The Many Faces of Go

Screenshot Many Faces of Go, newbie mode

“Play the obvious local response to last move” – which of these three will it be?

As recently mentioned, I imagined an alternative timeline starting around the end of October 2009, in which I devoted substantially more time and attention to mastering Go (igo / baduk / weiqi), the classical Asian board game. One important factor was the computer program “The Many Faces of Go”, a Windows program created by David Fotland at www.smart-games.com. The program doubles as either a tutor or an opponent, depending on your needs.

Daydreaming with dice is serious business, so naturally I have gone and bought the program so that I could verify for myself whether it would have the necessary impact on my alternate timeline. (That, and mostly I was curious, having read good things about it, except the price.) My estimate is that yes, it is a good alternative for people who don’t have access to a Go club or other human players. It set me back $90, which is insignificant here in Norway but may be a problem in less developed countries.

You can download the game for free, but in that case it simply plays as an opponent with strength of 18 kyu. If you shell out the $90, you get a bunch of other features, and variable opponent strength from newbie up to early dan levels.

In addition to being one of the strongest artificial intelligence Go players, the game is a versatile tutor. If you know nothing about Go, it will even teach you the basic rules. (But if you know nothing about Go, I am not sure if I would recommend you pay $90 up front…)

The program has a database of thousands of commented games, both by professionals and amateurs, so there is a good chance that you will find something interesting there. You can step through these and read the comments. However, the Internet is overflowing with such commented games which you can read with a free kifu reader (kifu = game record in Go). In fact, many amateur games in this database is from the Go Teaching Ladder, which I am pretty sure I have praised before. It is nice that this is included in The Many Faces of Go, but this is not where the program justifies its price.

There are also databases of fuseki (opening patterns) and joseki (corner patterns), which more advanced Go players may want to study. These are also things that you can scrounge together for free with a little work, but integrated into the same package.

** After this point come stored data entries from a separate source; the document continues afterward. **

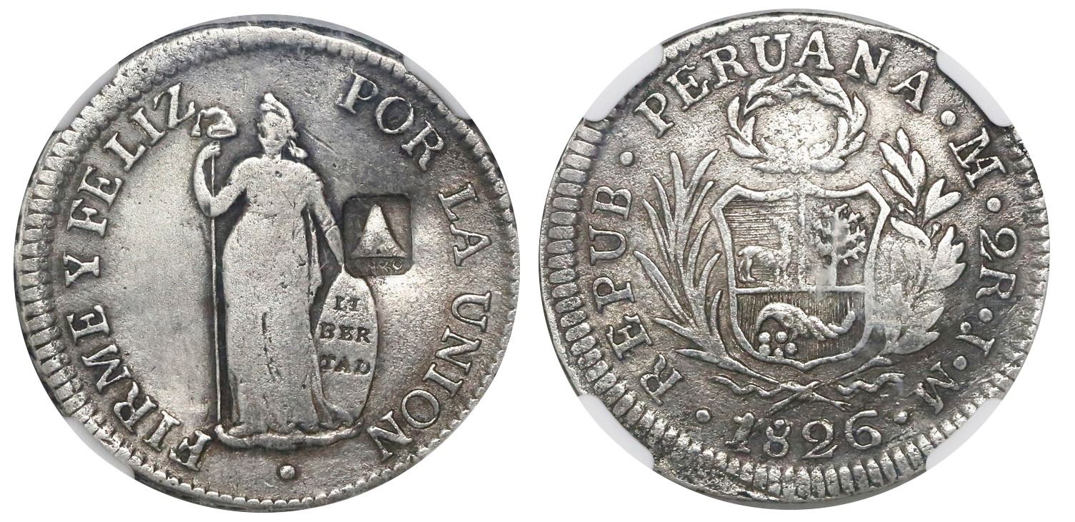 El Salvador, 2 reales, volcano / 1839 countermark (Type III, variety with 3 over retrograde 3) on a Lima, Peru, 2 reales, 1826JM, rare, NGC VF 20. KM-36. Toned around details, weak Liberty as usual but otherwise bold, crude rims (as made), the usual test-scrape to left of Liberty very light on this example, tied with one other for finest (and only) known in NGC census. NGC #2803448-003. Pedigreed to the Ponterio auction of November 2009 (lot 9149).
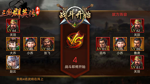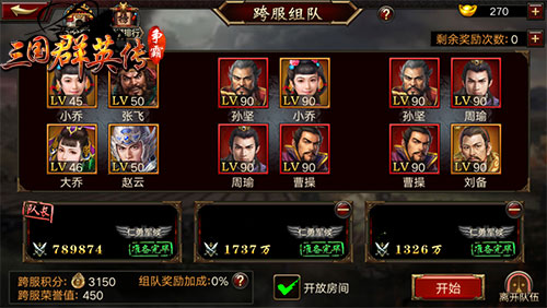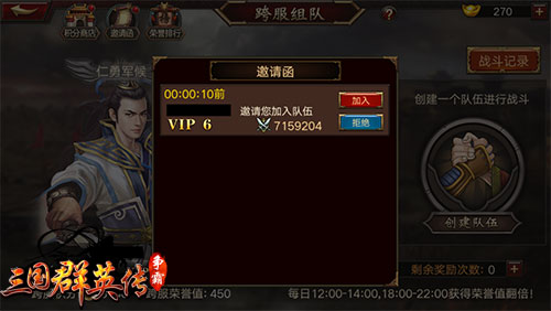 主角等级达到65级后,在“征战”界面会开启“跨服组队战”的选项。战斗由3名玩家组队进行,每位成员可共享自己的4名非主公上阵武将。队友准备后,队长开始进入布阵界面,从12名共享武将中选择5名进行战斗。快来看看自己手下的武将,排出战力最高的4员大将吧!
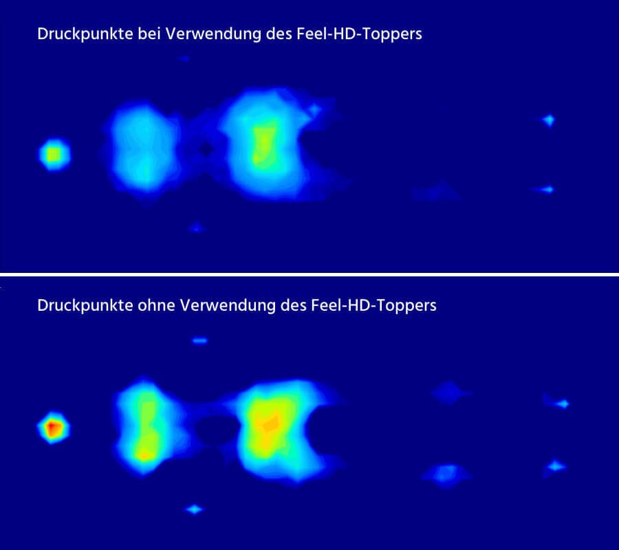CATAS hat den Topper Feel HD speziellen Tests unterzogen, um die Fähigkeit zur Reduzierung von Druckpunkten sowohl in Rücken- als auch in Seitenlage zu prüfen. Die Ergebnisse bestätigen eine hohe Anpassungsfähigkeit des Toppers an unterschiedliche Schlafhaltungen und tragen zu einer gleichmäßigeren Gewichtsverteilung sowie zu verbessertem Liegekomfort bei.
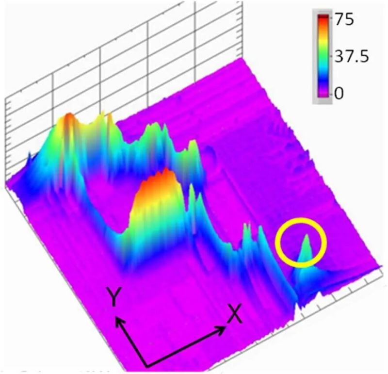 根据电路设计,最初器件左侧的发热是预期之内的,而在3毫秒时出现的发热则在意料之外,与闩锁效应有关。该位置在下图的3D温度图中圆圈标出。
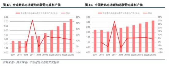 从应用端来看,全球及中国碳纳米管快速增长的主要原因是中国三元动力电池需求快速增长带动,另外日韩企业目前数码锂电池和硅基负极领域也有部分应用。GGII预计未来五年,全球CNT导电浆料需求量将保持40.8%的年复合增长速度,2023年需求量将达19.06万吨。

Where The Many Faces of Go really shines, in my opinion, is as an interactive tutor. You estimate your strength (starting at 30 kyu for a brand newbie) and the game gives you the suitable number of handicap stones and adjusts its playing strength. Then, as you play against the program, you can ask it to explain its moves, why it does what it does. You can either ask about individual moves, or turn on the function so that it explains each move as the program makes it. The explanations are very general, but give a good idea of things to think of. If you keep this commentary running, you just might get into the habit of thinking that way yourself. It also marks other spots of interest on the board that it considered but did not play, so you can learn from that as well, although it does not explain why it did not pick any of them.

Perhaps even better, you can at any time ask MFoG to give you a hint. It will then list three alternative moves in order, with the reasons for making each of them. It is then up to you to choose which of them to play, or perhaps none of them. Again, it marks other spots of interest on the board as well, if you want to branch out further.

Of course, if all you do is ask for the next move and click there, you are not quite playing Go. It may not be a bad idea for a beginner, though! In the anime Hikaru no Go, which is written in close collaboration with an expert, the main character learns Go by being the hands of an expert player. (In the anime the expert player happens to be a ghost, so having someone place the stones for him is pretty important, and Hikaru is the only person who can see him.) Sai, the 1000 year old Go player, reads out the coordinates of each stone Hikaru should place on the board, but he also adds a word that describes the type of move it is. Japanese have many such words that describe the function of a move. It is not quite as detailed as the explanations in MFoG, but it teaches the young boy some aspects of the game. In one memorable scene, Sai tells him: “Don’t just place the stones, try to feel the flow of them.” This is good advice for anyone using Many Faces of Go as well.

In the anime, Hikaru became so good that he eventually did not need the ghost anymore. Hopefully the same will happen with the “ghost in the machine” here. But with someone as anti-talented at Go as me, that could easily take many years. I am not sure I will spend years of my real life (such as it is) playing Go. But for those who have that intention, this might be a good way to get started.